Maritime Workers Set For Indefinite Strike As Kidnappers Seize Bayelsa Waterways
3 min readJohn ODHE, Yenagoa
Miffed by heightened sea piracy on Bayelsa waterways, the leadership of Maritime Workers Union of Nigeria in the state has given the state government a week to restore normalcy in the affected areas or be ready for indefinite strike action.
The union is calling on both the federal and Bayelsa state governments to step up security to secure lives and property on Bayelsa waterways which has been seized by suspected kidnappers who have made lives miserable for coastal dwellers in the state of recent.
Chairman of the state maritime union, Ogoniba Ipigansi made the call while speaking to TNN in his office at the Swali Ultra Modern Market in Yenagoa on the renewed wave of insecurity on the waterways.
In the past one week, several passenger boats have been attacked by the sea pirates in different riverine communities with reported cases of kidnap of passengers and stealing of properties as well as seizure of boats.
According to the chairman, several commercial boats conveying passengers to Brass and Nembe Local Government Areas of the state were attacked and passengers kidnapped while valuables were carted away by yet to be identified gunmen within the past one week.
Ipigansi recounted that Yenagoa bound speed boats that were coming from Akassa and Sangana communities in Brass LGA were attacked by suspected sea pirates who kidnapped some passengers and collected monies and other valuables belonging to the travelers.
He also narrated that boats coming from Odioma to Nembe and from Nembe to Brass as well as a boat heading from Yenagoa to Brass were also cornered by the suspected kidnappers who also kidnapped some passengers including a Chief from Odioma and stole their belongs, adding that boats were seized by the hoodlums.
The maritime union chairman lamented that the activities of the sea pirates have made river journey so unsafe and caused untold hardship to coastal dwellers as many have become stranded following the refusal of boat users to continue to ply the waterways for fear of being attacked.
He further hinted that the waterways had been left porous for a long time without security men on patrol to check criminal activities in the creeks, pointing out that the federal government was only interested in securing oil installations and careless about lives and property in the Niger Delta region.
As a result, we further learnt that the ugly situation has created food shortage and astronomical rise in the cost of commodities in the hinterlands following restriction of maritime movement, thereby causing untold hardship to those living in coastal communities which can only be assessed by water.
He said “we are facing serious sea pirate challenges on the waterways.
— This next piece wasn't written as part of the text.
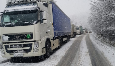 FOTO VIDEO | TIR-uri blocate în rampă, pe DN 14A. Traficul este îngreunat

The river is no longer safe. On Monday, a boat that was coming from Akassa to Yenagoa, the pirates bracketed that boat and carted away monies, properties and even the speed boat. The name of the boat is Godday Marine.
“They also stopped the boat that was coming from Sangana, robbed everybody and kidnapped one person from that boat just as they stopped the one coming from Kongho, robbed the passengers and equally kidnapped one person. All these things happened on Monday.
“Then, on Tuesday, a boat coming from Odioma to Nembe was stopped by the same sea pirates. They now dropped the two persons they kidnapped from Akassa to this other boat and kidnapped one Chief from there. That was around past nine in the morning.
“Around 2:pm on the same day, a boat known as Magnus Marine, which was coming from Nembe to Brass was stopped, robbed and three persons kidnapped. On that same Tuesday, a boat from Yenagoa to Brass was robbed and another three persons kidnapped.
“There are no security men in the river. The only security people are the ones securing oil rigs and flow stations but there are no security men securing the speed boats and the wooden boats.
“If the state and the federal governments and the security agencies do not look into these issues of insecurity properly, the union will have no other choice than to embark on strike.